— WHAT TO WORK ON —
Restate the entries below exactly, and keep all images out of the answer.

— RECORDS FOR THE EXERCISE —
****

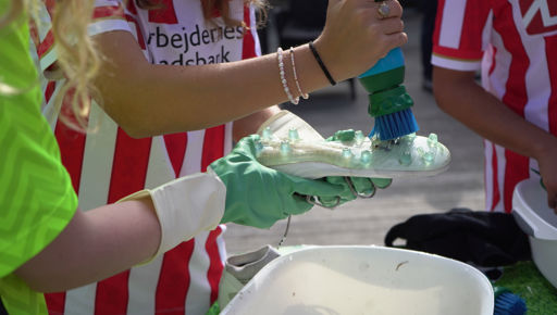 Highlight 05 Highlight 05Giving used cleats a second chance on the fieldWe kicked of our partnership with Charity Boots, a UK based charity that collects unwanted football boots and donates them to children across the world. Accompanied by our local AaB Women, our volunteers collected, cleaned, and prepared the boots for their second chance on the pitch.
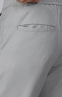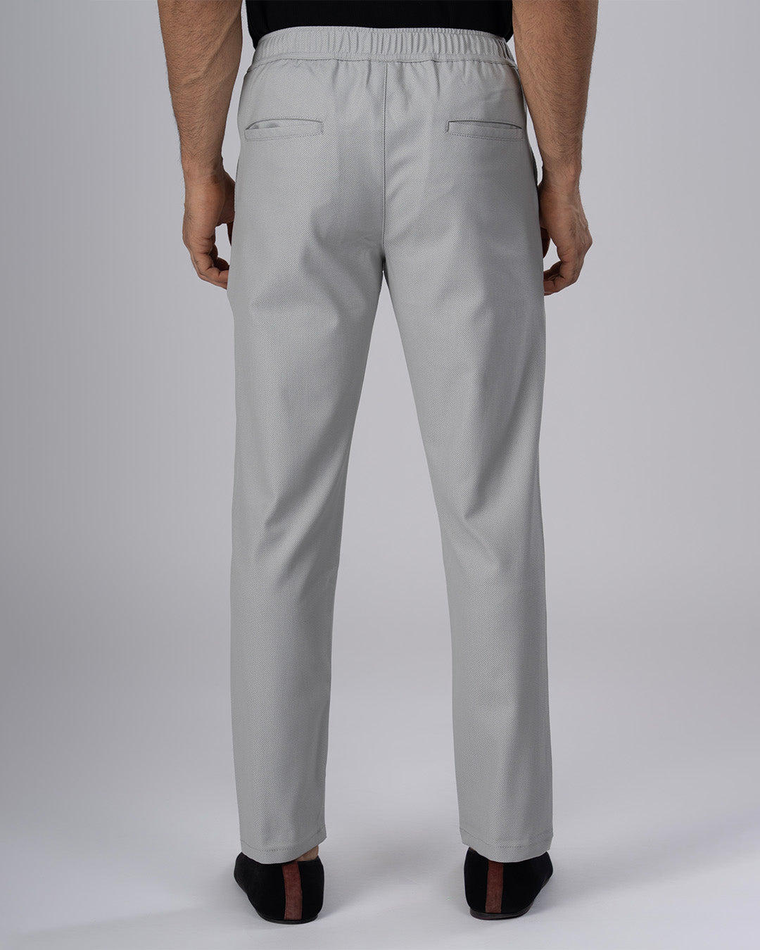 Tailored fit trousers in a comfortable high stretch medium weight polyester-viscose blend wrinkle-resistant fabric with a classic elasticated waistband featuring front pockets, jetted back pockets, concealed drawstrings and button closure.
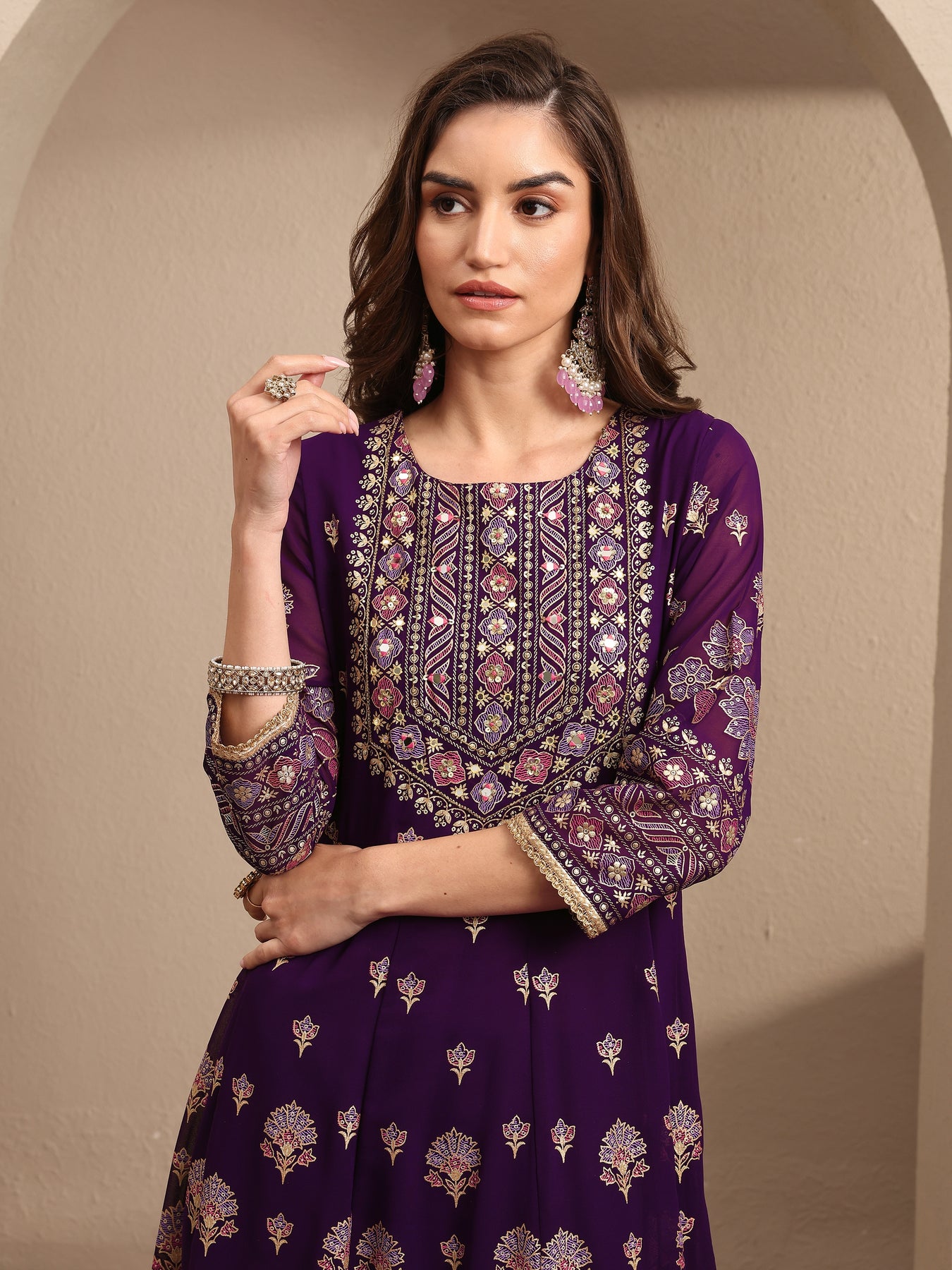 Purple Embroidered Georgette A-line Suit Set With Dupatta
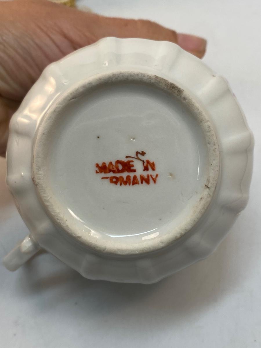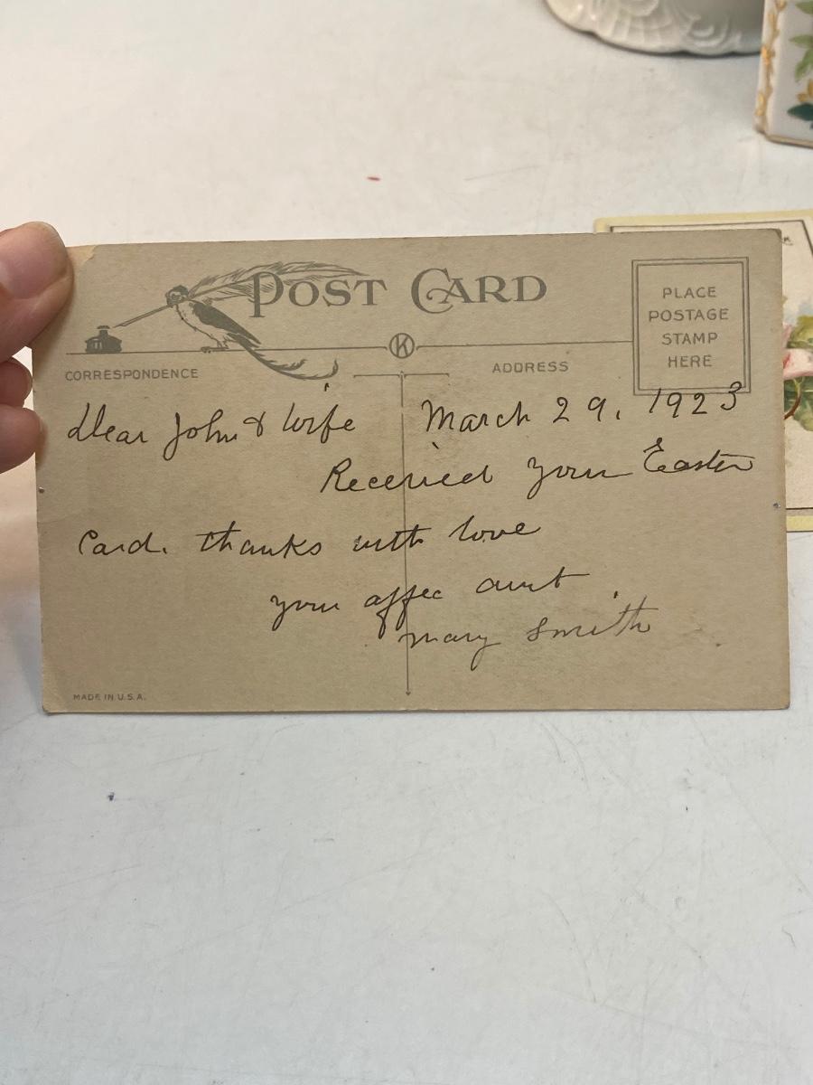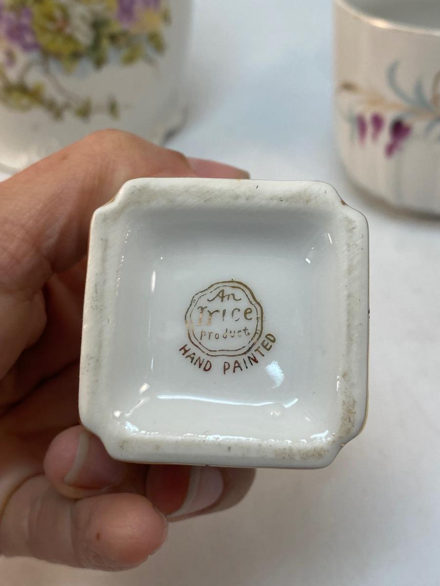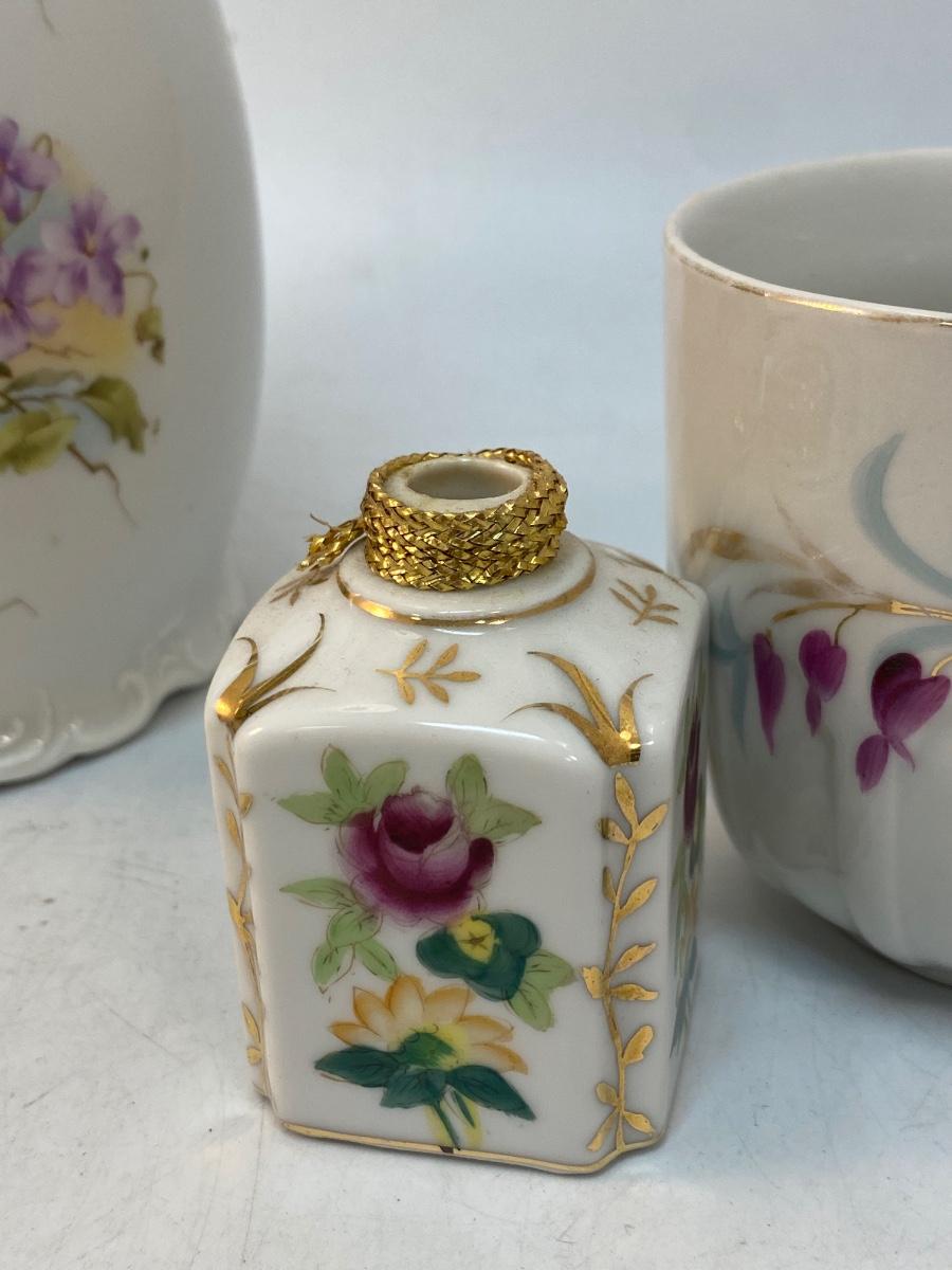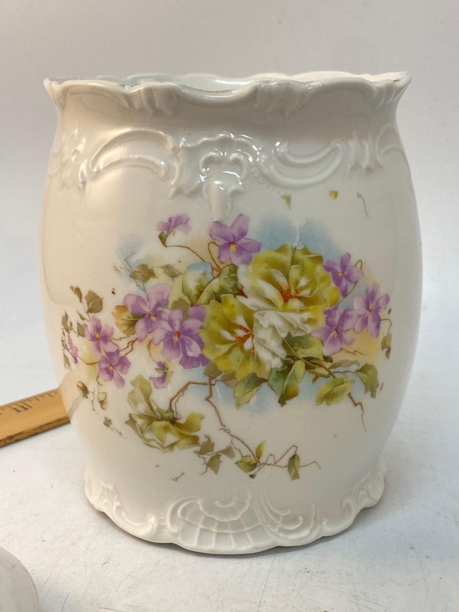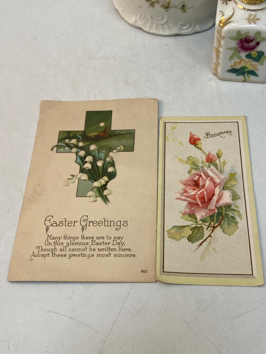 Vintage Porcelain Canister Teacup Bud Vase & Bookmark Postcard. Great additions to any shabby chic decor. Good condition, light wear, no chips.
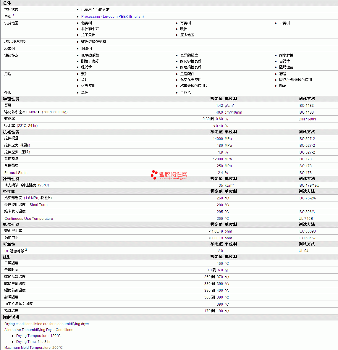 | 溶化体积流率(MVR) (380°C/10.0 kg) | 40.0 | cm³/10min | ISO 1133 |
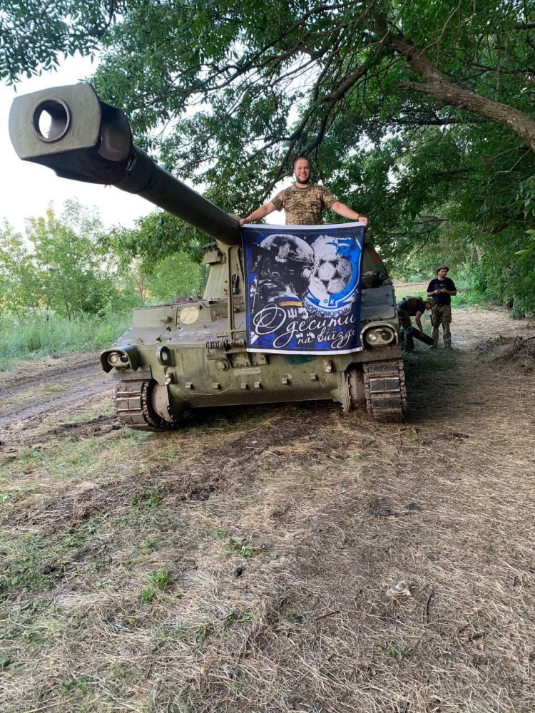 Шанувальники одеської команди служать у розрахунку американської САУ M109 Palladin.
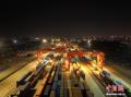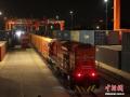 11月18日,河南郑州,一列满载机械设备、日用电器、服装、模具等货物的全程时刻表中欧班列从河南郑州发车驶向德国汉堡。这是全国首列直达德国汉堡的全程时刻表中欧班列。图为全程时刻表中欧班列。中新社发 魏金伟 摄
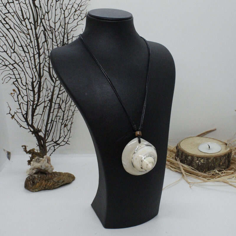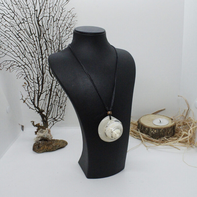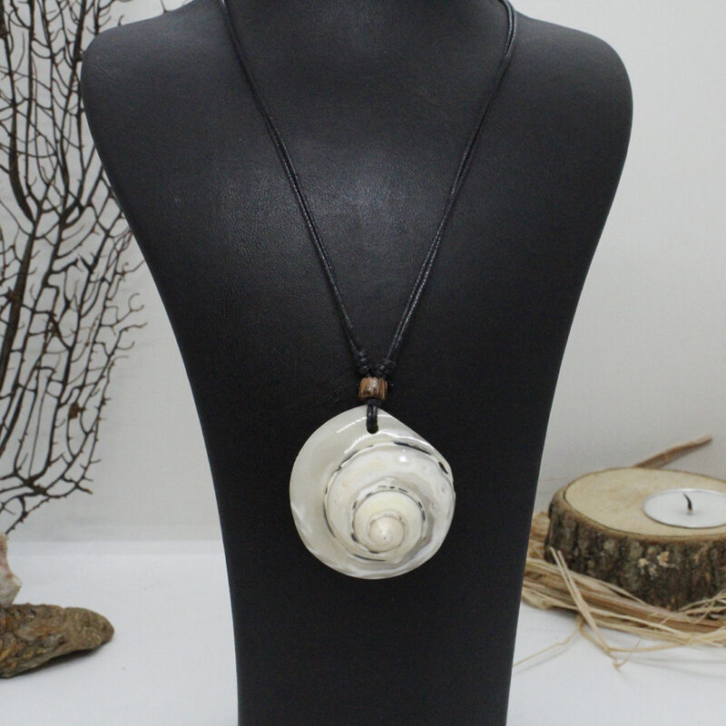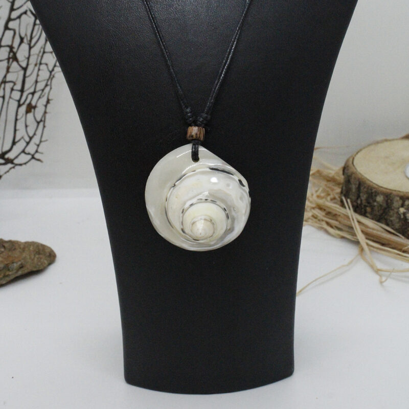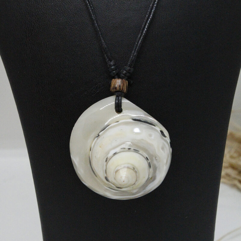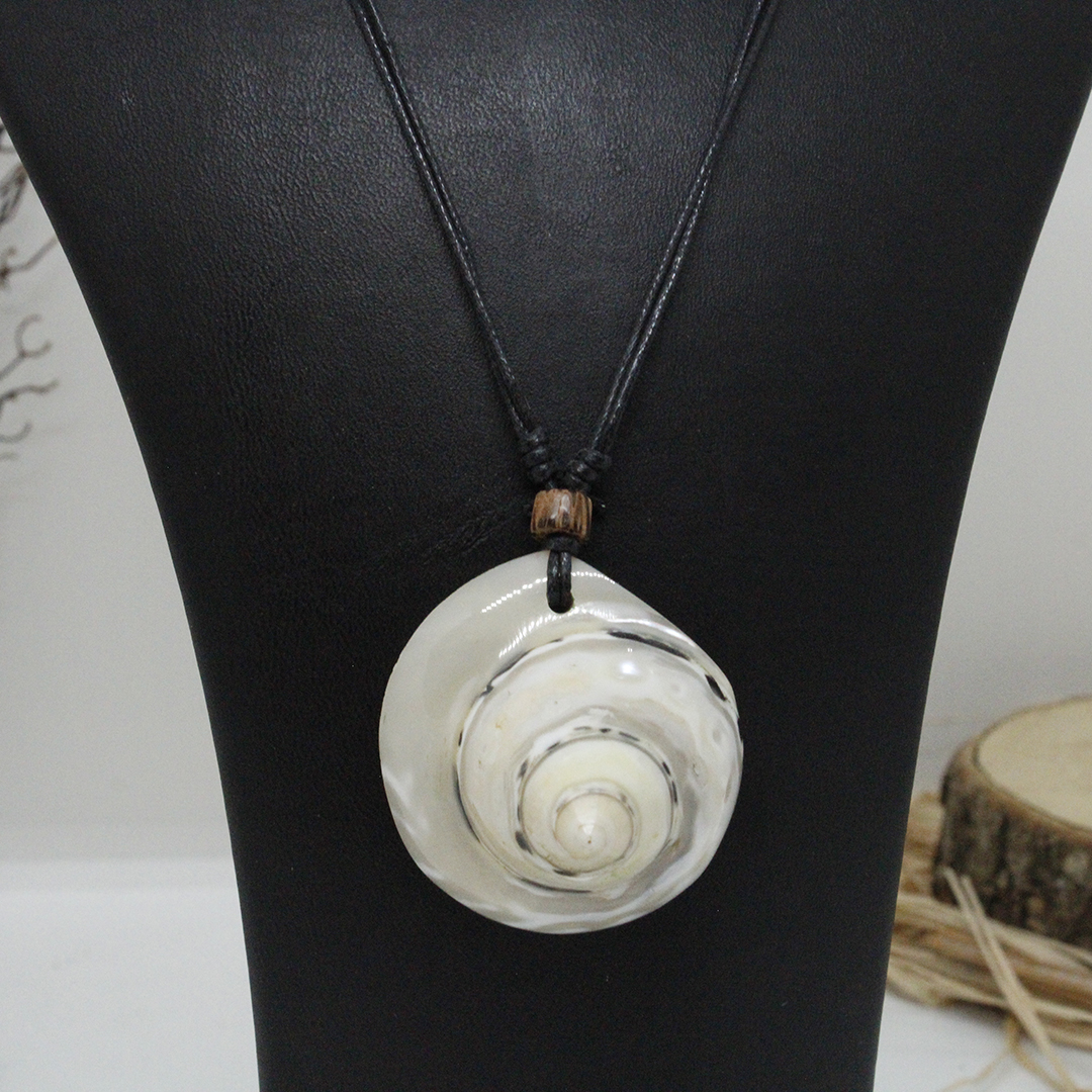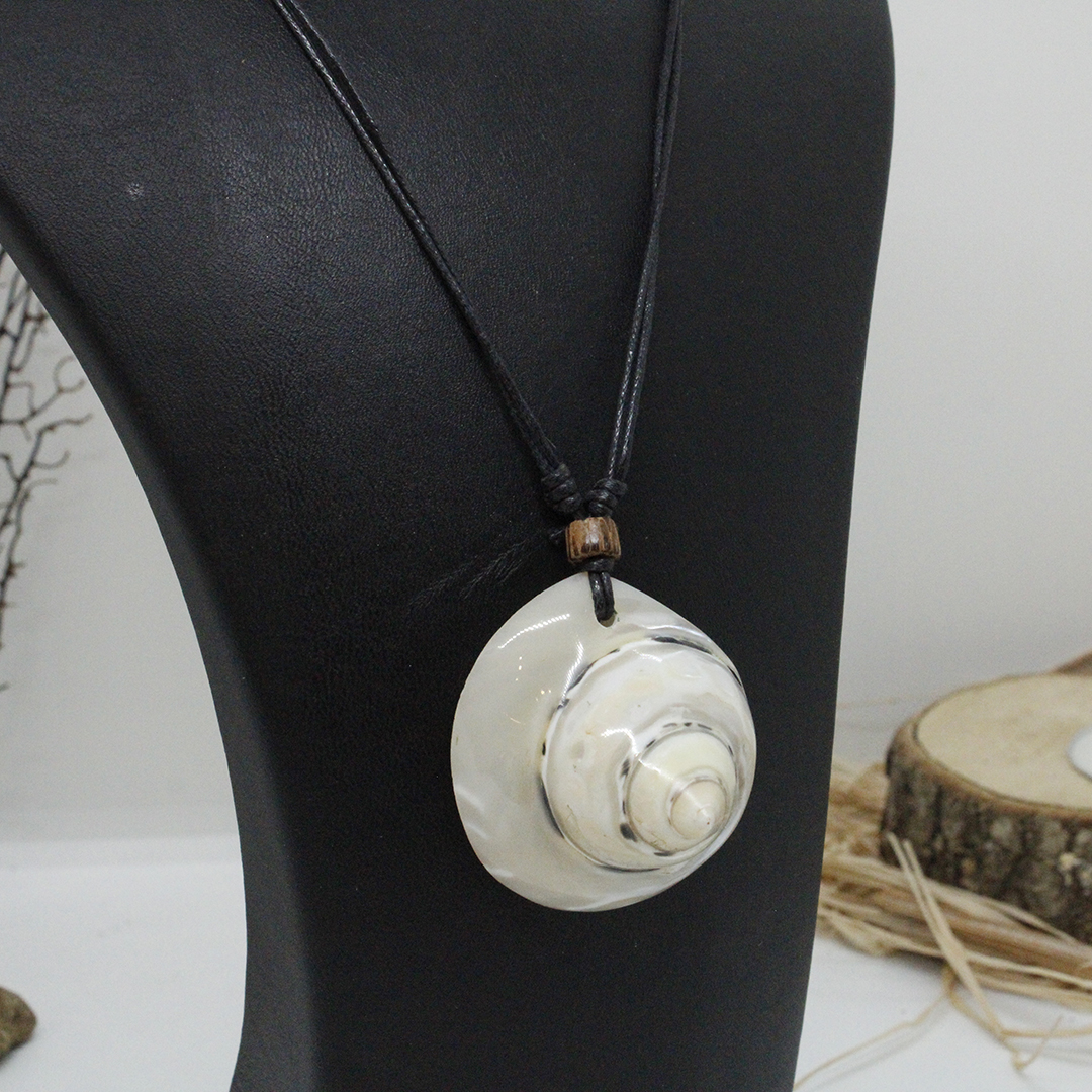 - Beyaz Turbo kabuklarından yapılmış özel bir tasarıma sahip kolye

****

— RESPONSE —
 Highlight 05 Highlight 05Giving used cleats a second chance on the fieldWe kicked of our partnership with Charity Boots, a UK based charity that collects unwanted football boots and donates them to children across the world. Accompanied by our local AaB Women, our volunteers collected, cleaned, and prepared the boots for their second chance on the pitch.
 Tailored fit trousers in a comfortable high stretch medium weight polyester-viscose blend wrinkle-resistant fabric with a classic elasticated waistband featuring front pockets, jetted back pockets, concealed drawstrings and button closure.
 Purple Embroidered Georgette A-line Suit Set With Dupatta
 Vintage Porcelain Canister Teacup Bud Vase & Bookmark Postcard. Great additions to any shabby chic decor. Good condition, light wear, no chips.
 | 溶化体积流率(MVR) (380°C/10.0 kg) | 40.0 | cm³/10min | ISO 1133 |
 Шанувальники одеської команди служать у розрахунку американської САУ M109 Palladin.
 11月18日,河南郑州,一列满载机械设备、日用电器、服装、模具等货物的全程时刻表中欧班列从河南郑州发车驶向德国汉堡。这是全国首列直达德国汉堡的全程时刻表中欧班列。图为全程时刻表中欧班列。中新社发 魏金伟 摄
 - Beyaz Turbo kabuklarından yapılmış özel bir tasarıma sahip kolye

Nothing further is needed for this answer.